Урывками между съемок встречалась с Борисом, ходила танцевать. На приемном экзамене в Университет он провалился, мне удалось уговорить его поступить в Строительный техникум, пообещав, что я поступлю тоже. Однажды я случайно встретила Толю Королькова, о котором до меня доходили лишь отрывочные сведения, что он радист, плавает в подводном флоте, потом — торговом, что он опасный человек, ловелас и пьяница. Я, конечно, верила, но, увидев, разуверилась. Я потребовала в тот же вечер собраться в «Севзапсоюзе» [361], где по инициативе частных лиц устраивались неплохие концерты и дансинги. Он послушно явился во втором часу ночи, слегка навеселе, очень мило танцевал, я на радостях изрядно выпила, и мы возвращались вместе домой в 6 ч. утра. С тех пор он бывал у меня каждый день, мы очень сдружились, и все время до его отъезда старались, так или иначе, проводить вместе. Это были чудесные часы полной откровенности, нежнейшей дружбы и взаимного понимания.

Борису нравился Анатолий, он восхищался им, но Толя просил в те дни, когда он бывает у меня, устраивать так, чтобы он не встречался с Борисом. В конце концов Толе пришлось уехать на своем теплоходе, и я осталась ждать его писем. Я сама писала ему длиннейшие письма, каких до сих пор никому не посылала. Его ответы были очаровательны и талантливы. Путевые заметки, очерки, характеристики — все простым и очень точным языком. Я читала эти письма с Борисом, и он восхвалял Анатолия до небес. Я привожу отрывки из его писем и моих стихов, относящихся к тому времени [362]. Они наилучшим образом объяснят сущность наших отношений.

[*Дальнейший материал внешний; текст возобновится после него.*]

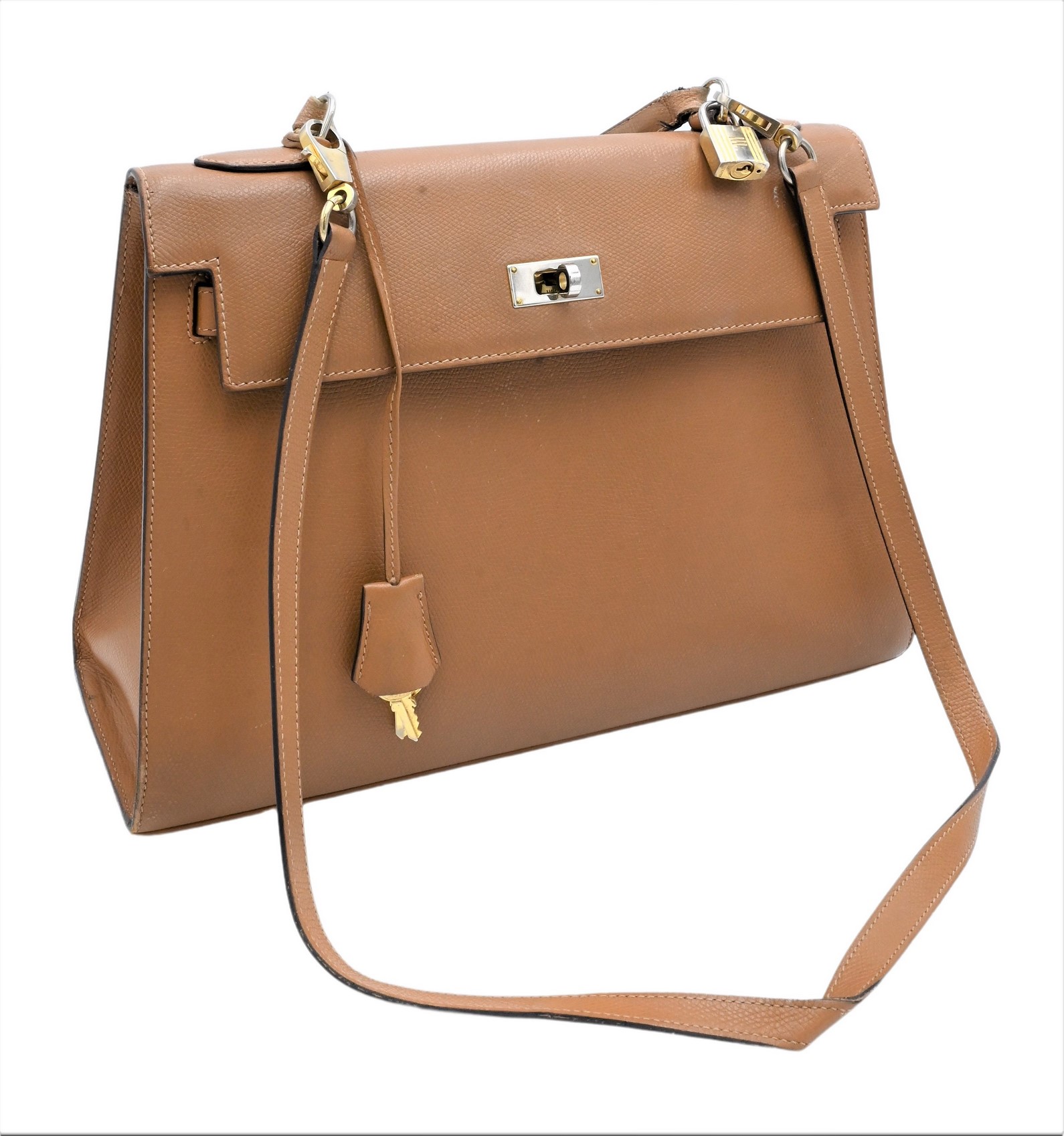 Vintage Handbag, Hermes Kelly style, tan leather, single handle with fold over leather flap, interior with three pockets, zippered/one broken, key in sheath, shoulder strap, hardware and clasps, marked Hermes, Paris and a square mark, 12 1/2″ x 4 1/2″, height 9 inches including straps.

1928 г. — год интенсивной переписки с Анатолием и его периодические появления, год занятий в строительном техникуме вместе с Борисом, изредка — съемки. Первый детский сад для Аси, куда он ходил через Таврический в белом пуховом костюмчике, такой розовый и приветливый. Но опять появился А.Ф., стал приходить к ним на занятия, вмешиваться в программу и в еду. Мне пришлось взять Асю оттуда, хотя он очень мило начал болтать по-немецки, и перевести его в другую группу. На этот раз я уже не сообщила его адреса А.Ф. и, как он ни злился, доступ туда был ему невозможен. Осенью я хлопотала о зачислении Аси в казенный очаг [363], в нашем же доме, но вакансий не было — мне отказали. Когда А.Ф. не добился разрешения бывать в детской группе, куда я перевела Асю, он подал жалобу в Отдел о несовершеннолетних. Оттуда прислали инспектора для расследования. Она сразу выяснила положение дела и встала на мою защиту. Чтобы прекратить дальнейшие выражения неудовольствия со стороны А.Ф., она отдала распоряжение принять его сверх нормы. Я была очень довольна таким разрешением вопроса. Воспитательницей в Асиной группе оказалась моя одноклассница по гимназии Олечка Дидерихс [364], милая, толстая: тетя Оля, как ее называли дети. Она обожала Аську, возилась с ним больше, чем я сама, — я могла быть спокойна. Он проводил там с 9-ти утра до 5-ти вечера, его трижды кормили и водили гулять.

Они занимались ритмической гимнастикой, пением, ручным трудом, лепкой, рисованием. За едой сами себя обслуживали: один был дежурный, один санитар, проверявший чистоту рук, носов, ушей, один дежурил по столовой и разносил тарелки. Ася был очень доволен, делал всем мишкам прививки, которые ему самому пришлось делать, и с гордостью рассказывал, что он совсем не боится.